80 enseignes ont été touchées, dont une vingtaine pillées ou victimes de départs d'incendie lors du saccage samedi des Champs Elysées, ont estimé dimanche les commerçants de la célèbre avenue, qui veulent être reçus par le Premier ministre Edouard Philippe.

"Il y a eu un déferlement de violence, on se remet du chaos. On tente de rassurer les salariés, et puis on pense aux habitants bien sûr", a dit à l'AFP Jean-Noël Reinhardt, président du Comité Champs-Elysées, une association de promotion qui revendique 180 adhérents, en grande partie des commerces.

"On a demandé un rendez-vous au Premier ministre, pour lui faire part de notre exaspération et lui présenter nos doléances.
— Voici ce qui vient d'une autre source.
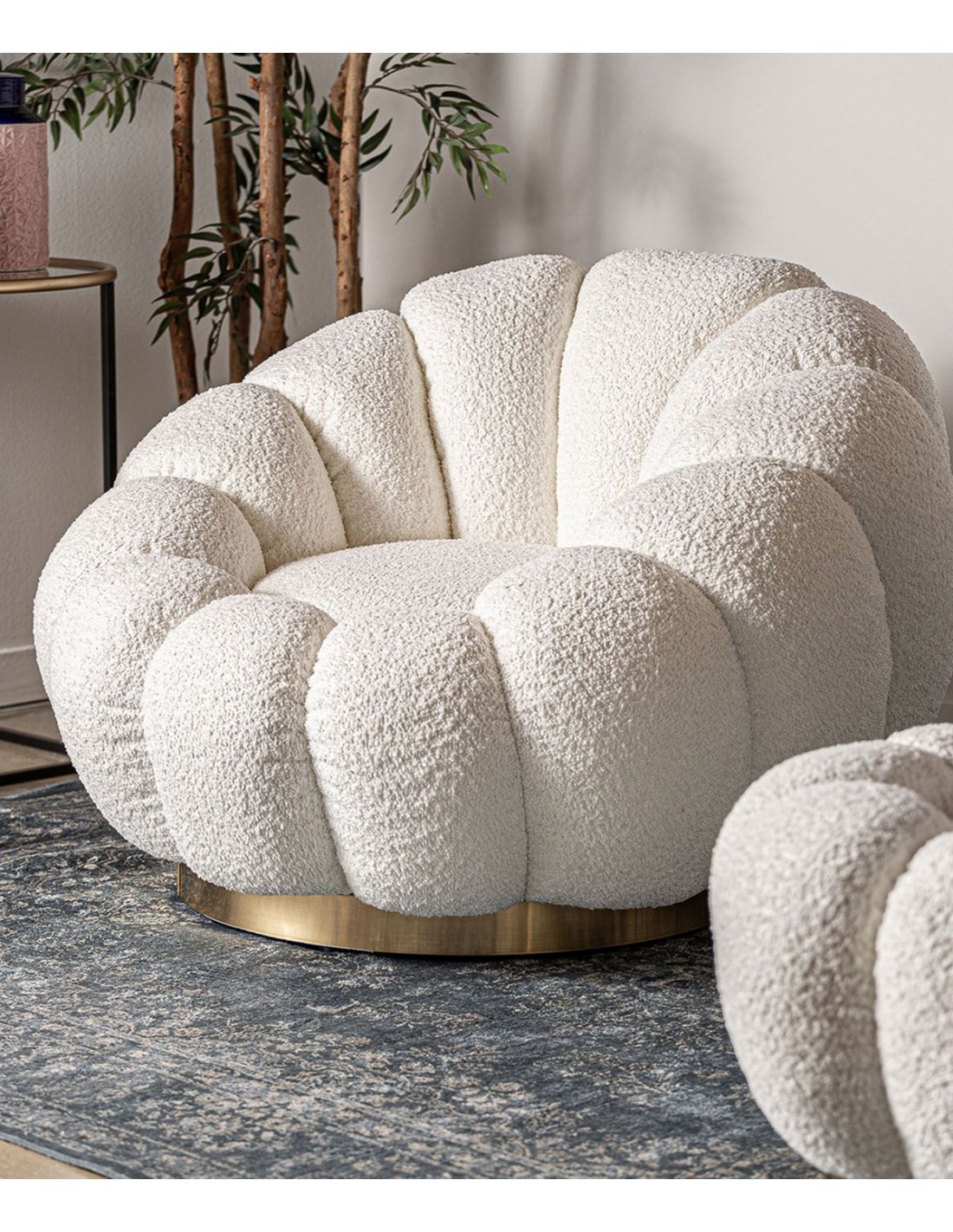 BOUCLÉ CREST | Algodón bouclé + acero dorado | Giratorio | Estilo art déco + ergonomía |

Il faut que les pouvoirs publics mettent un terme à cette situation", a-t-il réclamé.

"En cumulé, on a eu 35 samedis et dimanche marqués par des perturbations", a-t-il compté.
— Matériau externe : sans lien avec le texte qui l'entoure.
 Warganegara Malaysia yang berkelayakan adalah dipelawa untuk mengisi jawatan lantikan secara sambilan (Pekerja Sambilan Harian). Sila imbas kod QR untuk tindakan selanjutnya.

Samedi, l'acte 18 de la mobilisation des "gilets jaunes" a été marquée par une flambée de violences à Paris, et en particulier sur les Champs-Elysées, théâtre d'affrontements, de pillages et de départs de feu.

Parmi les boutiques et commerces les plus touchés: la brasserie huppée le Fouquet's, des enseignes de prêt-à-porter (Celio, Lacoste, Hugo Boss), le chocolatier Jeff de Bruges, mais aussi le magasin du fabricant chinois de smartphones Xiaomi, inauguré mi-janvier, ainsi que de modestes kiosques à journaux.

"Trop c'est trop. Et ce samedi était le samedi de trop !" a tempêté pour sa part dans un communiqué Bernard Stalter, président de CMA France, réseau national des chambres de métiers et de l'artisanat.

Interpellant les ministres de l'Intérieur et de l'Economie et des Finances, lui aussi demande "à être reçu avec une délégation d'artisans dès cette semaine afin de trouver ensemble les solutions qui permettront de mettre un terme à une situation devenue aussi explosive qu'inacceptable".